The overall effect is claimed to reduce drag on both the unit itself and the full “system” of the bike and rider.

In an era where TT helmets are becoming more bizarre by the season, it’s the flared shoulders that stand out on Sweet’s Redeemer.

“The rider’s shoulders have a very specific pressure pattern where they have a high-pressure region,” Forster said in a launch event this week.

“The tighter you can get around the shoulders, the less uncontrolled losses you’ll have coming out. And the less fluctuation and turbulence you’ll have will result in slightly improved drag and improve downstream flow effects.”

And the hole at the top?

Social media speculated it was a cooling vent, but not so.

The Laminar Flow Bypass Duct internally passes air from the top of the helmet through those oh-so-controversial shoulders in a bid to optimize aero efficiency.

“The pressure on the front of the helmet in the central area is reduced because we’re allowing some mass flow to bleed through,” Forster explained. “It’s essentially as if we had a much smaller helmet in this region.”

Weighing in 490g for a size large, the hefty-looking Redeemer is on par with its competition.

And despite how it looks overall, the lid isn’t busting out of the UCI’s regulation size boundaries or breaking barriers with its vitals.

“When you create something a bit radical, people are always going to come with guns blazing. They can say whatever they want about it. But we know it’s a fast helmet, and we know it’s a safe helmet, so we’re happy with it,” Sweet Protection design chief Thomas Larsen Røed said Tuesday.

“It’s not the widest, it’s not the longest helmet, it’s not the tallest helmet. It’s just really, really fast and really, really safe.”

No numbers?

Former hour record holder Joss Lowden was involved in the design and test process. (Photo: WordUp Projects)
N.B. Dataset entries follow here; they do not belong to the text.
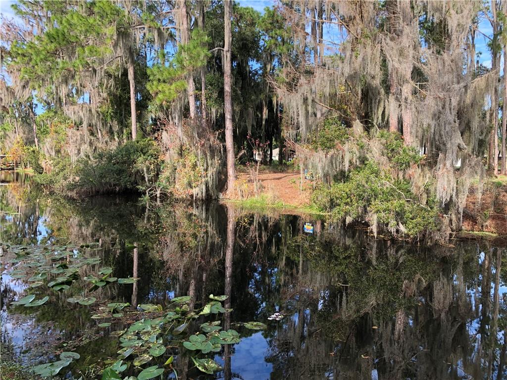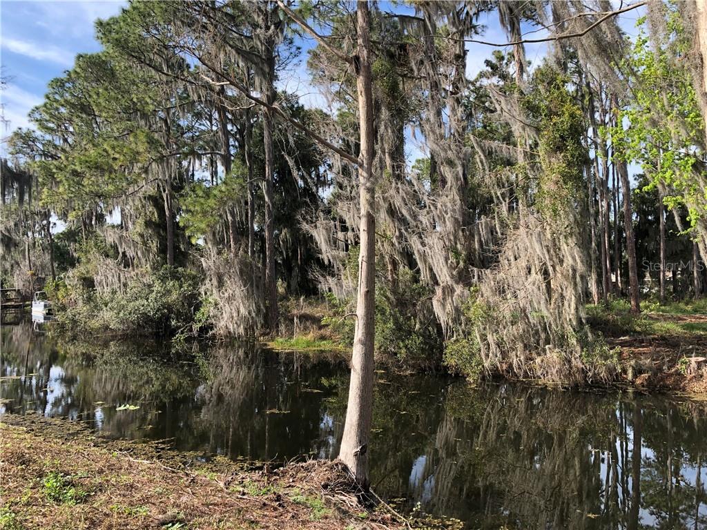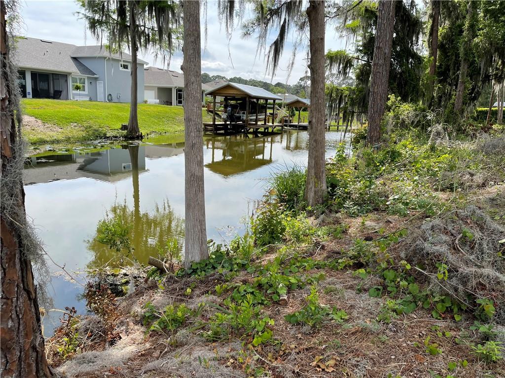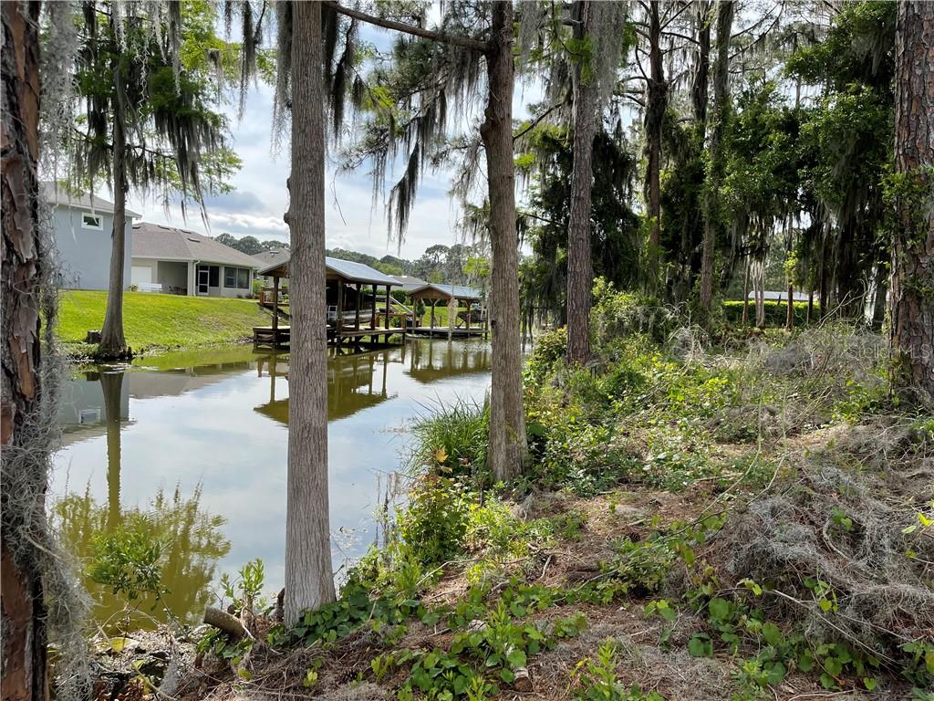 Beautiful wooded lot on a canal off of Lake Eustis and on the Chain of lakes! Once built, it will be a perfect location to moor your boat. This property is 5 lots from the lake. It is almost 1/2 acre in size set in a peaceful and quiet community in the center of upscale homes. Frontage is about 100 feet by 200 feet deep. Central sewer and water and is on paved road. Deed restricted community that allows you to bring own builder. HOA approval of building plans. Enjoy water recreation, fresh water fishing and close proximity to shopping, entertainment, hospitals, and under an hour to Disney World, Disney Springs, Universal Studios, Legoland and Gator World. Please note most maps don’t properly reflect the canal, but it is there. More pictures have been added due to the 5 new homes that are being built across the canal. The dock pictures are the neighbors for perspective.
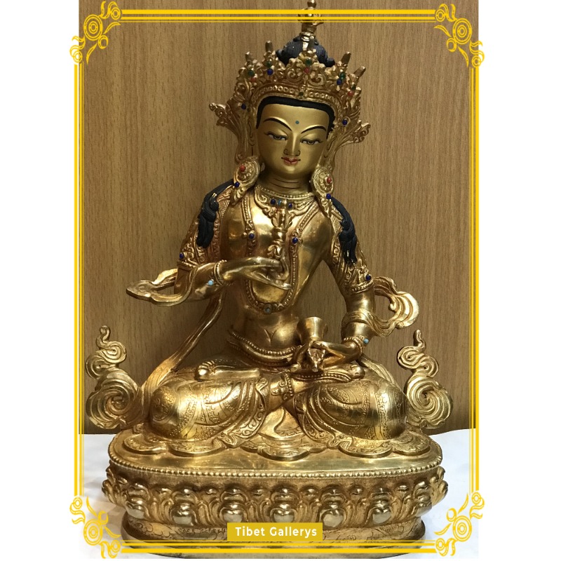 8 Inch Tibetan Dorje Sempa Statue, Fully Fire Gilded 24K Finish, Hand Carved Fine Details
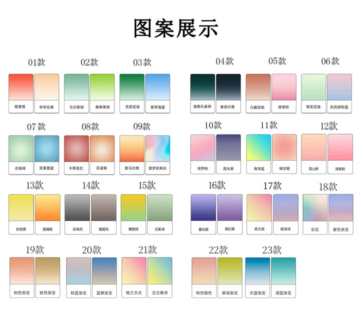Туманность Фиолетовый/Сакура Падающий Красный [Передняя и Задняя стороны]; Радуга + Закат [Спереди и сзади]; Оранжевый цвет мякоти + розовый [спереди и сзади]; Розовый синий + желто-зеленый [спереди и сзади]; Национальный стиль: зеленый + фруктово-зеленый [спереди и сзади]; Красный + Желтый Центр [Двусторонний]; Оранжево-красный белый + желто-белый [спереди и сзади]; Синий и белый + темно-зеленый и белый [спереди и сзади]; Синий + Зеленый Центр [Передняя и Задняя Часть]; Темно-серый + малахитово-зеленый [спереди и сзади]; Блакитный оттенок + оранжевый «чистое небо» [спереди и сзади]; Мечтательный розовый + сияющий фиолетовый [двусторонний]; Порошок «Снежная гора» + Порошок «Бегония» [Лицевая и обратная стороны]; Осенний абрикосовый желтый + утренний оранжевый [спереди и сзади]; Жемчужно-серый + Туманно-серый [Спереди и сзади]; Оливково-зеленый + фантомно-зеленый [спереди и сзади]; Сумеречный фиолетовый + Серебристый фантазийный фиолетовый [Спереди и сзади]; [Стиль 02] Весна немного милая/Зелень полна твоих рук; [Модель 03] Царство зеленого леса/Фэнтези зеленого леса; [Модель 04] Долина Юцюань/Бигу Люцюань; [Модель 06] Тень бамбукового сна/Царство тихого мха; [Модель 07] Царство чая Юнман/Куитао Циньян; [Модель 08] Куисяо Янься/Берри Дикий Зеленый Ци; Градиент радуги + градиент фиолетового; Розовый градиент + градиент цвета кожи; Розовый синий градиент + синий желтый градиент; Бегите + Панпан Цинчжоу; Розовый оранжевый + фруктово-зеленый градиент; Градиент небесно-голубого цвета + градиент голубого цвета озера
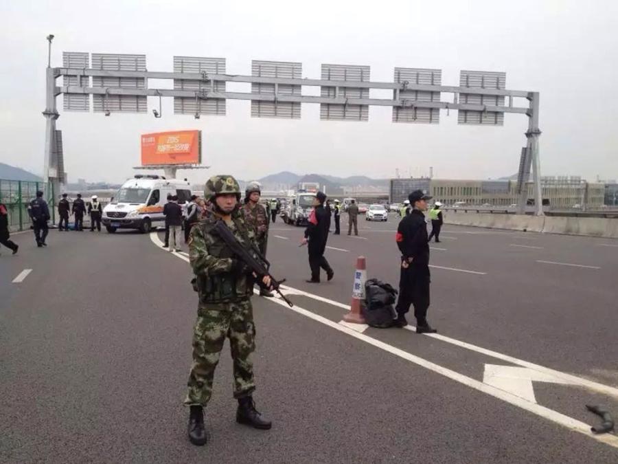 Police on duty at Shenzhen Bao’an International Airport in south China’s Guangdong province after a car accident left at least nine people dead and 23 injured. The driver, a woman who is said to have lost control of her vehicle after a car sounding its horn made her nervous, is being questioned by police. The city’s emergency center said seven of the injured are in a critical condition. (Photo/Xinhua)
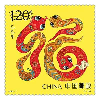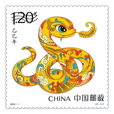 第一枚图为蛇呈丰稔。画面提炼了中华优秀传统文化中盘蛇的灵动意象,加以喜庆装饰应和年节氛围。金色的蛇躯蜿蜒,口中衔着一束“嘉禾”,象征着“仓廪实,衣食足”的美好图景。蛇身金光熠熠,与璀璨的麦穗交相辉映,寓意着风调雨顺之年,五谷丰登之景,以及国泰民安的盛世祥和。第二枚图为福纳百祥。画面以草书笔意将三条蛇创意性地构成了“福”字形,简练洒脱、柔美顺通。两大一小三条蛇之间情感细腻流动,顾盼生情,生动展现了阖家欢乐的温馨场景,寓意着和合共生、福满人间,寄托了人们对美好生活的无限追求与诚挚祈愿。两枚邮票不仅是对生肖之美的再次诠释,更是对盛世安康、福泽四季的深情祝福。
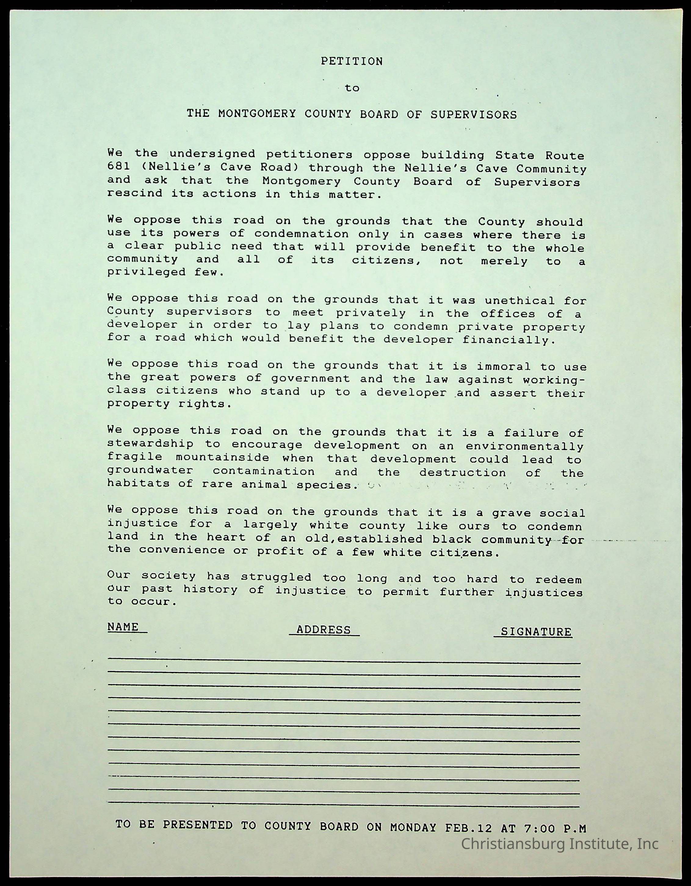 Petition to Board of Supervisors for Feb 12 Meeting

Uno-X and Sweet Protection are loud in touting the Redeemer as “a new benchmark in aerodynamics” that would “redefine speed.”

Yet the Scandi pairing is reluctant to put numbers on its Star Wars-style design.

“People are tired of hearing about how many watts you save from this that and the other, because it’s so dependent on the protocol. Where do you do the test, what speed you do the test, the yaw angles, the test facilities. So I’m very hesitant on giving exact watt savings, because it depends on the scenario,” Uno-X’s performance expert Casper von Folsach said Tuesday.

“But from the testing and the benchmarking we’ve done against other helmets, I can say without a doubt that this is the helmet I would prefer our team to be riding.”

The Redeemer made its debut at the Volta ao Algarve last month, where Anton Charmig finished best-placed of Team Uno X’s starters at 20th.

The Scandi seven that donned the lid at the Paris-Nice team time trial this week finished 21st of 22 squads.

Look to the TTs of this summer’s Tour de France and Tour de France Femmes to offer Uno-X and its Redeemer headware the ultimate chance for redemption.